What the exercise asks:
The required output is an exact copy of the lines from the one containing "이제 가장 좌측 메뉴" through the end of the entries below, with pictures removed.

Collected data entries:
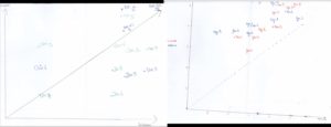 Fig. 3. Graphiques réalisés en groupe par les élèves de terminale spécialité HGGSP mesurant la fiabilité (en ordonnée) et la pertinence (en abscisse) de chaque document des corpus documentaires fournis. En vert (à gauche) et en rouge les documents soutenant le récit palestinien, en bleu, les documents soutenant le récit israélien. Novembre 2024, Lycée Faÿs, Villeurbanne.
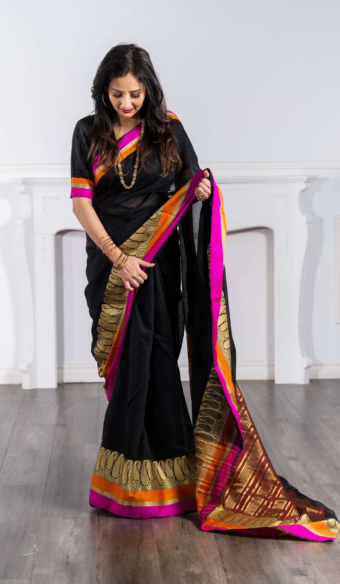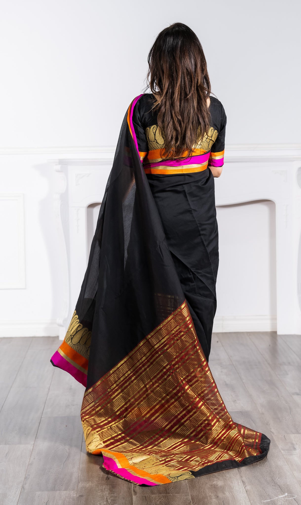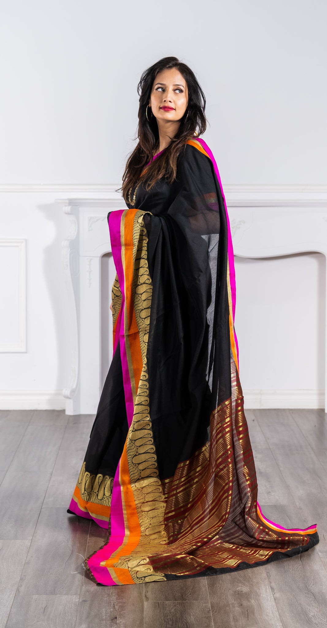 This is a black cotton messori banarsi saree with a golden and magenta border.
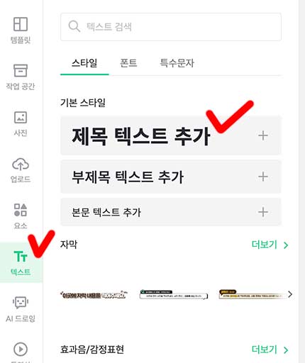 이제 가장 좌측 메뉴 중 텍스트 메뉴를 클릭한 후에 원하는 텍스트 형식을 선택해줍니다. 저는 로고를 만들기 위해 제목 텍스트 추가 버튼을 클릭해줬습니다.
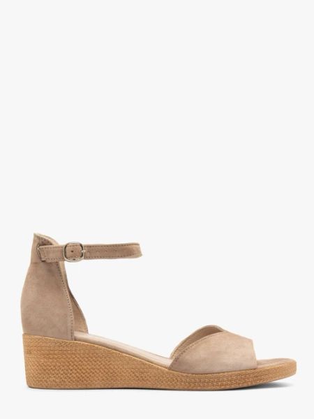 Beżowe sandały na platformie z linii RYŁKO RELAX.Model wykonany ze skóry welurowej.Podszewka i wyściółka skórzana.Ozdobny klin + platforma o wysokości 4,5 cm.But posiada ozdobną klamerkę w kolorze srebrnym i gumową wstawkę w cholewce.Dystrybutor: Brawo Sp. z o.o. ul. Dworcowa 19, 34-130 Kalwaria Zebrzydowska; [email protected] pochodzenia: POLSKA
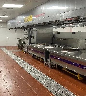 餐厅根据食品经营管理相关规范要求合理规划和设计,具备1000人/餐的供餐能力。后厨包含冷冻冷藏区、仓库、粗加工区、面点间、热厨区等功能区域,配套专业厨房设备,现烧现售,确保菜品新鲜可口;相应配备食品安全、消防环保设备设施,确保运营安全。
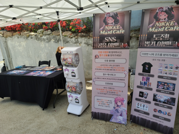 입장 전 대기하는 유저들을 위한 이벤트 참여 공간과 뽑기를 통해 얻을 수 있는 경품들도 전시됐다.

Result for this exercise:
 이제 가장 좌측 메뉴 중 텍스트 메뉴를 클릭한 후에 원하는 텍스트 형식을 선택해줍니다. 저는 로고를 만들기 위해 제목 텍스트 추가 버튼을 클릭해줬습니다.
 Beżowe sandały na platformie z linii RYŁKO RELAX.Model wykonany ze skóry welurowej.Podszewka i wyściółka skórzana.Ozdobny klin + platforma o wysokości 4,5 cm.But posiada ozdobną klamerkę w kolorze srebrnym i gumową wstawkę w cholewce.Dystrybutor: Brawo Sp. z o.o. ul. Dworcowa 19, 34-130 Kalwaria Zebrzydowska; [email protected] pochodzenia: POLSKA
 餐厅根据食品经营管理相关规范要求合理规划和设计,具备1000人/餐的供餐能力。后厨包含冷冻冷藏区、仓库、粗加工区、面点间、热厨区等功能区域,配套专业厨房设备,现烧现售,确保菜品新鲜可口;相应配备食品安全、消防环保设备设施,确保运营安全。
 입장 전 대기하는 유저들을 위한 이벤트 참여 공간과 뽑기를 통해 얻을 수 있는 경품들도 전시됐다.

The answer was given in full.